At other family gatherings he would withdraw to a bedroom, lock the door, and stay by himself, which, though unsettling for the rest of the family, did allow them some time for pleasant conversation. Then he would burst out of the room, ranting about whatever happened to be on his mind, always a subject completely disconnected from what everybody else was chatting about. He would stand in the middle of the den and rattle on like a madman until he got tired, then dash back to the bedroom and relock the door.
Once, his rowdy entrance included a guitar, which he began strumming furiously while singing badly and demanding that the rest of the family sing along. After a few disagreeable songs, he gave up and stomped back to the bedroom. Deep breaths were taken, eyes were rolled, then things returned to normal. Sadly, the family had become accustomed to such behavior.

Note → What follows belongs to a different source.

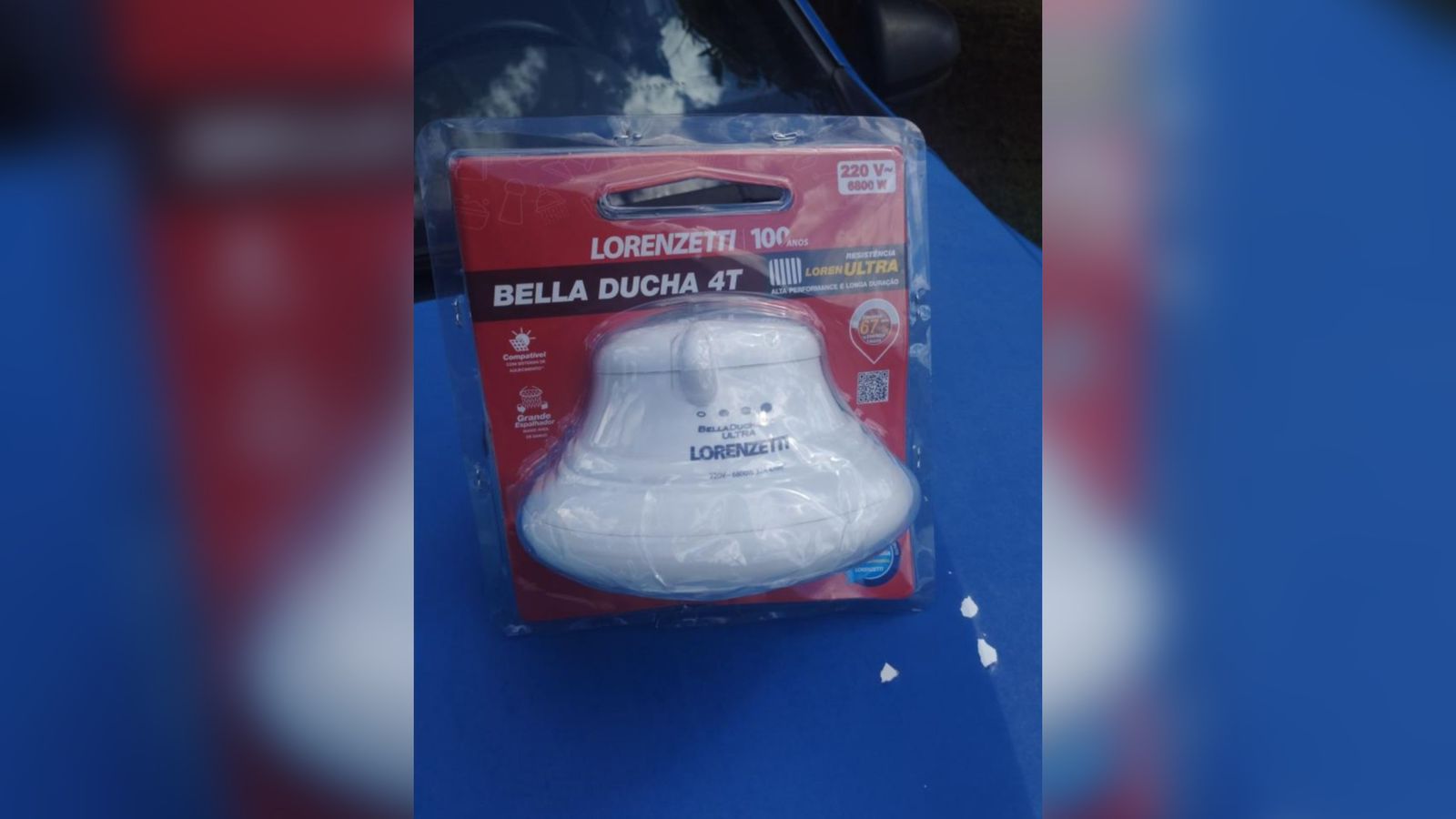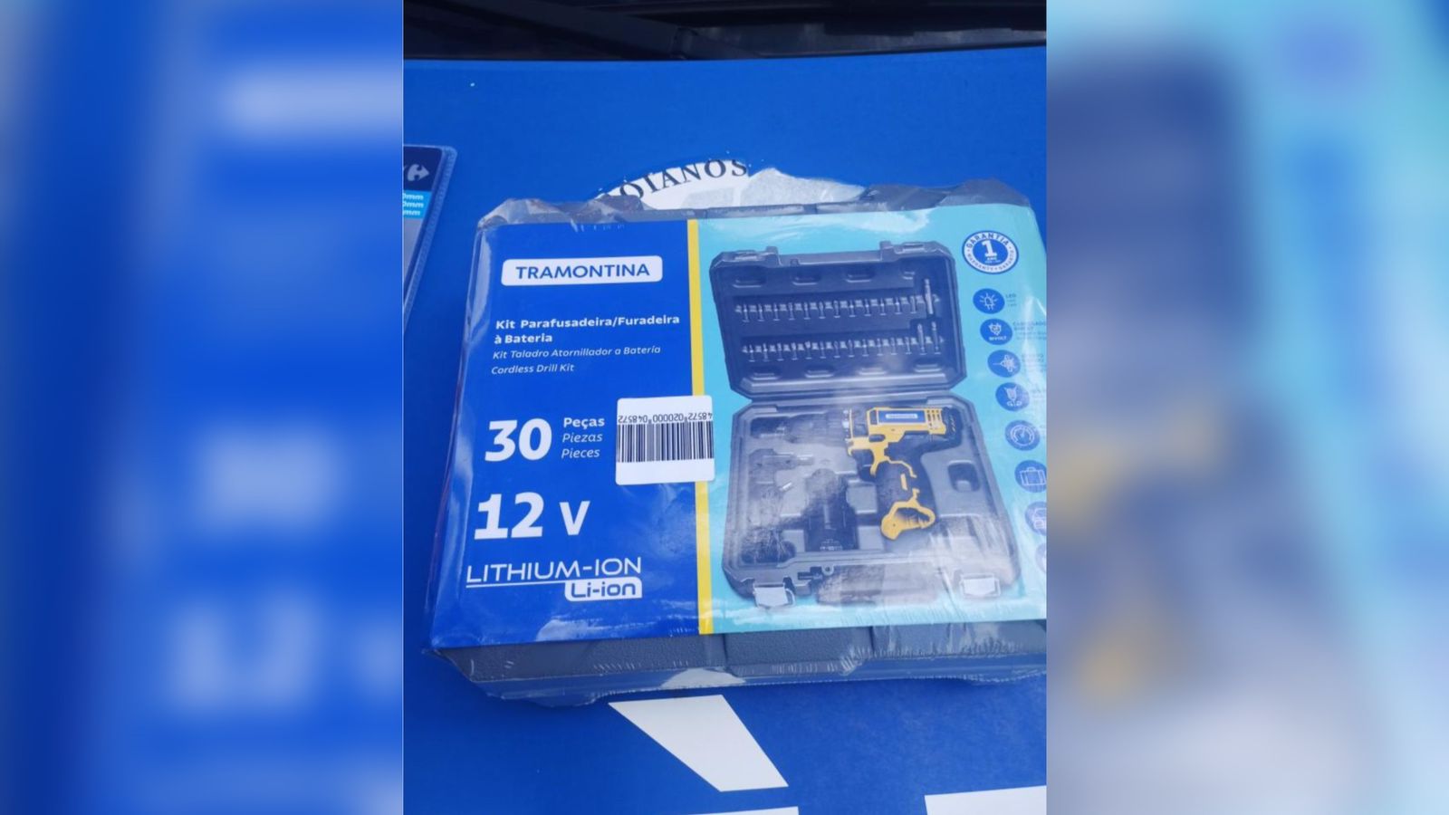 Entre os produtos subtraídos estavam um kit de parafusadeira da marca Tramontina, um kit de alicates e um chuveiro elétrico, totalizando R$ 609,79.

Ron could be withdrawn and sullen, pouting for days over nothing or everything, then a switch would flip on and the gregarious personality was back. His baseball career depressed him, and he preferred not to talk about it. One phone call would find him dejected and pitiful, but during the next he would be hyper and jovial.
The family knew he was drinking, and there were strong rumors of drug use. Maybe the alcohol and chemicals were causing an imbalance and contributing to the wild mood swings. Annette and Juanita inquired as delicately as possible, and were met with hostility.
Then Roy Williamson was diagnosed with cancer, and Ron's problems became less important. The tumors were in his colon and progressing rapidly. Though Ronnie had always been a mama's boy, he loved and respected his father. And he felt guilty for his behavior. He no longer attended church and was having serious problems with his Christianity, but he clung to the Pentecostal belief that sin gets punished. His father, who'd led a clean life, was now being punished because of the son's long list of iniquities. Roy 's failing health added to Ron's depression. He dwelled on his selfishness-the demands he'd made on his parents for nice clothes, expensive sports gear, baseball camps and trips, the temporary move to Asher, all repaid in glorious fashion with a single color television set extracted from the signing bonus the A's gave him. He remembered Roy quietly buying secondhand clothes so his spoiled son could dress with the best in high school. He recalled his father trudging along the hot sidewalks of Ada with his bulky sample cases, peddling vanillas and spices. And he remembered his father up in the bleachers, never missing a game.